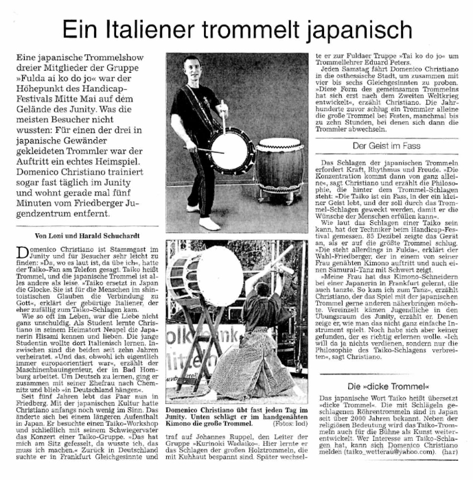 Angefangen bei Kurinoki Wadaiko Frankfurt im Jahre 2011 stieß D. Cristiano im Jahre 2013 zu uns. Eine gute Mischung aus Ehrgeiz, regelmäßigem Training, sowie mehrere Aufenthalte in Japan mit Unterricht bei renomierten Lehrern (Tanz, Gesang, Flöte und Taiko) autorisieren ihn als ordentliches Mitglied des FTD auch zur Anleitung eines Trainingskurses in unserem Dojo.
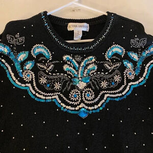Vintage 80s Grannycore Embellished Pullover Sweater Black Beaded Womens Medium
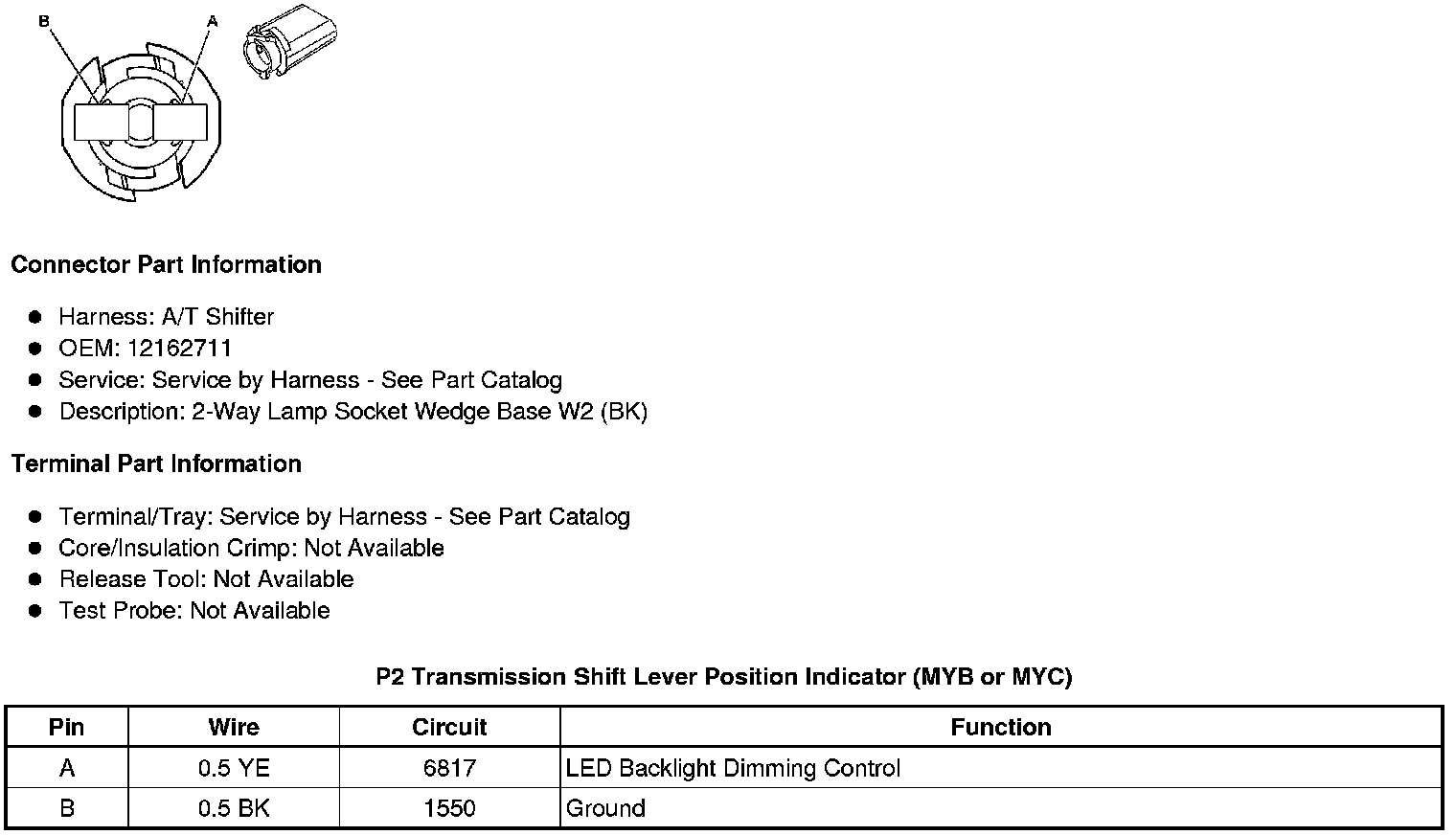 P2 Transmission Shift Lever Position Indicator (MYB or MYC)
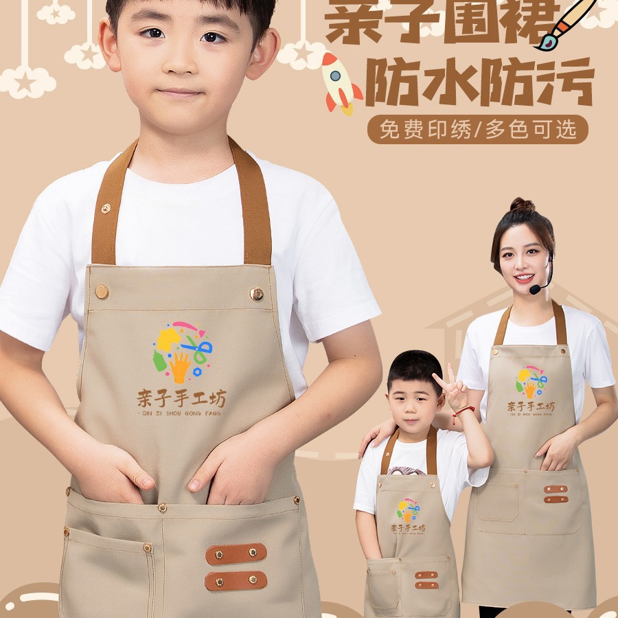 子供エプロンロゴ印字親子絵手作り男の子キャンバス防水キッチンカバー
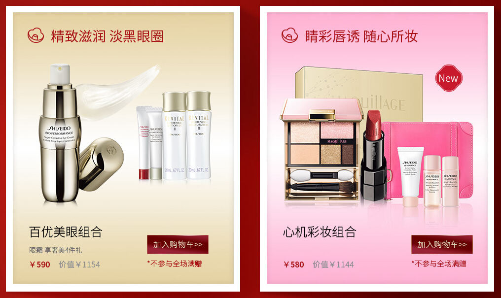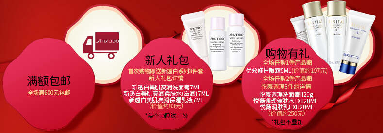 同時,資生堂天貓旗艦店還推出了“臻美組合”套裝,價值1100多元的百優美眼組合和心機彩妝組合現價都只要500多元。此外還有滿額包郵、新人禮包、購物有禮活動,優惠多多。

━━━━━━

§ **Your goal**:
Set down word for word the lines beginning with the one containing "P2 Transmission Shift" and ending with the last line of the listing, inclusive. Omit every picture.

§ **Solution for this problem**:
 P2 Transmission Shift Lever Position Indicator (MYB or MYC)
 子供エプロンロゴ印字親子絵手作り男の子キャンバス防水キッチンカバー
 同時,資生堂天貓旗艦店還推出了“臻美組合”套裝,價值1100多元的百優美眼組合和心機彩妝組合現價都只要500多元。此外還有滿額包郵、新人禮包、購物有禮活動,優惠多多。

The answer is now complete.